For the minor allele frequency (MAF), our results indicated that PCA-based GWAS has significant advantages in pleiotropic QTNs detection when the MAF of QTN is greater than 0.2, while the power improvement gradually reduced when the MAF was less than 0.2. Specifically, for uncommon and rare alleles, the PCA-based strategy had little advantage over the single-trait strategy. In the colocalizing effect model, the estimated effect of a pseudo trait is proportional to the level of linkage disequilibrium (LD) (Equation (21)), and the simulation data supported this view (Figure 4). Under the condition that two traits shared pleiotropic QTNs with r > 0.7, PCA-based multiple-trait GWAS was more powerful than single-trait GWAS in detecting QTL regions (Figure 4). Assuming that trait 1 had pleiotropic QTNs with trait 2, it was hard to map to this region using single-trait GWAS because of the low LD between the causal variants and genotyped SNP in the beadchip array. However, when there was a high LD between trait 2’s causal variant and the nearby SNP genotyped, this region could potentially be detected in the PCA-based multiple-trait GWAS method after the addition of trait 2.

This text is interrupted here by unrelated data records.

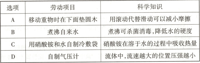 13.D 解析:本题考查劳动项目中包含的科学知识。A.移动重物时在下面垫圆木,是因为用滚动代替滑动可以减小摩擦,故正确,不符合题意;B.将自来水煮沸可杀菌消毒,降低水的硬度,故正确,不符合题意;C.用硝酸铵和水自制冷敷袋,是因为硝酸铵在溶于水的过程中吸收热量,故正确,不符合题意;D.自制气压计是利用了大气压,故错误,符合题意。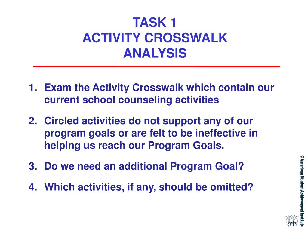 TASK 1 ACTIVITY CROSSWALK ANALYSIS • Exam the Activity Crosswalk which contain our current school counseling activities • Circled activities do not support any of our program goals or are felt to be ineffective in helping us reach our Program Goals. • Do we need an additional Program Goal? • Which activities, if any, should be omitted?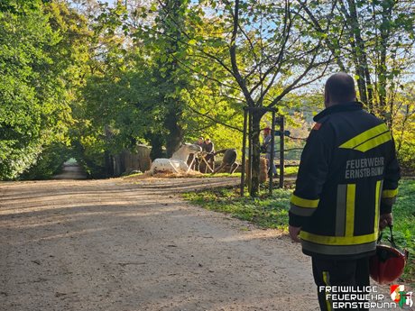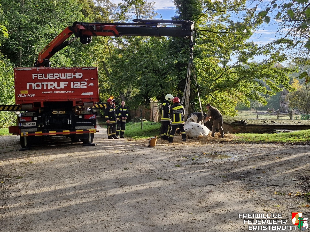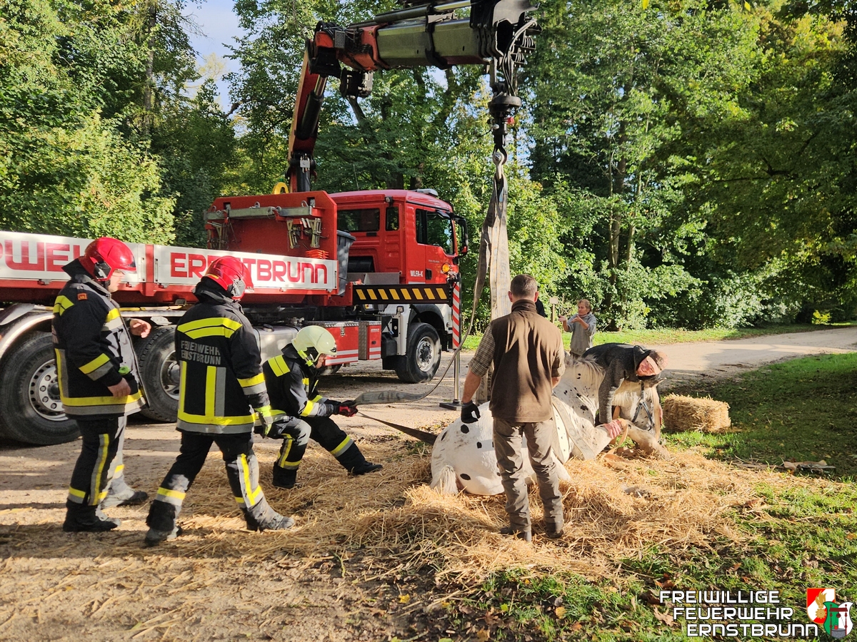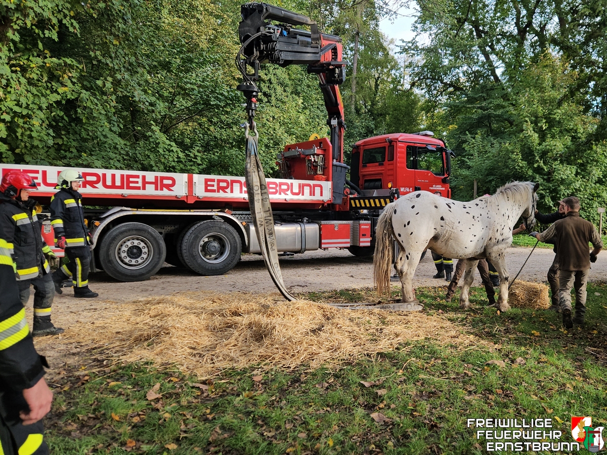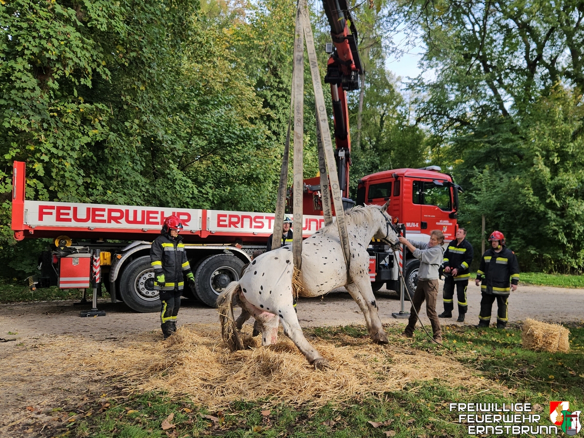 Ve čtvrtek ráno 10. října 2024 obdrželi dobrovolní hasiči hlášení o pomoc při záchraně zvířete v zámku Ernstbrunn. Klisna při procházce prorazila jednou zadní nohou poklop kanálu a upadla. Protože se personálu ani majiteli nepodařilo vysvobodit koně z jeho nesnází, byli hasiči přivoláni na pomoc.

On the real data, we detected 46 SNPs that were significantly associated with the three traits (Tables S2 and S3). A total of 15 significant SNPs was identified both in single-trait GWAS and multiple-trait GWAS. There were 22 SNPs found only in multiple-trait GWAS, and 9 SNPs found only in single-trait GWAS. Among them, 12 and 18 genes were annotated in multiple-trait GWAS and single-trait GWAS, respectively, which are growth-related genes or muscle development-related genes, such as NCAPG [19,26], LAP3 [27,28], KCNIP4 [29], and LCORL [26,30]. In contrast, six additional genes were found in single-trait GWAS, including FBXO45, SLIT2, SMCO1, TCTEX1D2, UBXN7, and WDR53, which had not been previously reported in growth-associated studies. Only one additional gene, MCHR2, was identified in multiple-trait GWAS. Although single-trait GWAS has annotated more genes, it’s result may not be reliable. For example, rs134385681 is a prominent SNP found only in FSW-GWAS which is located in a gene-enriched region, so is likely to be a false positive based on gene annotation. However, MCHR2 has been reported to be associated with human obesity [31] and a cattle growth trait [32], making it a plausible candidate pleiotropic gene that controls presoma traits.

5. Conclusions

In this study, a PCA-based multiple-trait GWAS model proved to be effective in exploring pleiotropic QTNs in theory and practice. Using this method, we found a plausible candidate gene, MCHR2, which is associated with presoma muscle development in cattle.